Reduced blog; I've been working on a version of FixMyStreet for Symbian S60 devices.
If you want snark, how about this? I always thought that the BMW not-minis were telling in themselves. Objects are an ideology made manifest.
The original Mini was a minimal car, one designed to be even cheaper than the ones sold to the workers in the factories that made them. Beyond Ford. As a side effect, it was also light, beautiful, and efficient in space and energy.
The "New Mini" is absurdly large, by comparison - it's not that much smaller than a 3-door Land Rover Freelander, which is reasonably sensible despite being aesthetically an SUV. The Freelander was, after all, reasonably sized, space planned to carry a load, engineered to work off-road, and driven by a highly efficient turbo-diesel engine. Perhaps not coincidentally, it wasn't pretty. The BMW Mini, however, is a mass of gratuitous placky bits. Over the last ten years, we have lived in the era of gratuitous auto design; I grew up with cars that were advertised on their drag coefficient and their fuel consumption, but not long after I was legally allowed to drive, there was this weird rococo decadence of trucks without ground clearance.
At the same time there was a binge on property, which swelled outwards where there was land enough, and inwards in crappy construction and natural gas-guzzling, and which swelled even more in price where the land wasn't available. Foxtons' fake-neat cars were part of the performance of the property binge; speculating in property was meant to feel subversive and young. You doubt? Look at the arse-awful fake graffiti sprayed on them. Fake art on fake coachwork on a fake economy for fake people.
What would fit? Perhaps, if they go down, there may be a supply of "New Minis" going cheap. Maybe I should apply for an Arts Council grant to stack up 20 or so of them in Trafalgar Square and topple them, using a Chinese-made bulldozer. We could beat them with our shoes and torch them with gallons of bioethanol, or maybe homebrew high-test peroxide.
1 comment:
Two embarrassing mini tales.
I bailed out of the UK for fifteen years after the the last crash. Lived in Kreuzburg just after the wall came down etc.
I had a job in the East and had to visit Frankfurt an Oder a lot. I was given the office (vintage) mini to commute in. I was working such long hours I fell asleep at the wheel, one early dawn motorway trip. The car hit the central reservation, bounced off and went sideways down into the opposite ditch. Luclkily it didn't turn over. I was taken to the local police Headquarters in Zossen, the former site of the military underground WWII command centre for Berlin, and later a STASI installation.

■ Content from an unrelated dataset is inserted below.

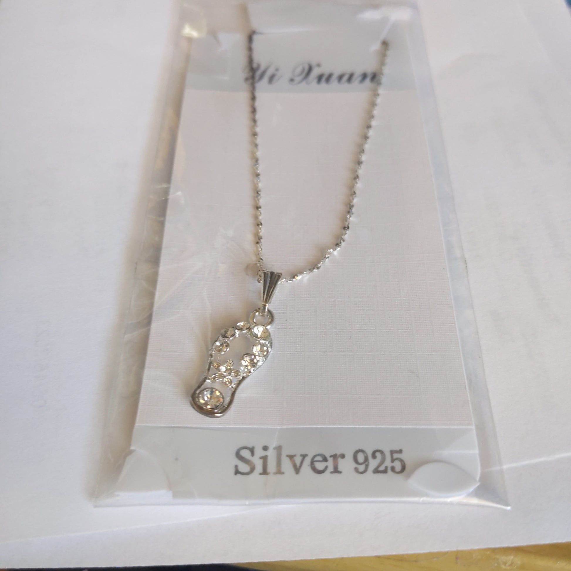 Has silver 925 which means sterling silver and has silver rhinestones on flip flops pendant.

The Polizei, to my surprise, proved very sympathetic and helpful.
I came back last year to work as a consultant, to find the landscape so utterly changed I hardly recognised the place.
In a fit of madness I contacted Foxtons to see what the housing market was like. I was taxied about in one of the garish minis from one preposterously overpriced rabbit hutch to the other, all within sight of Canary Wharf.
The final straw was when we parked up beside an ex council flat being tarted up for a 300K sale. The agent was a bit reluctant to leave the car for long as he suspected some sort of vandalism problem involving the locals and his prominent target.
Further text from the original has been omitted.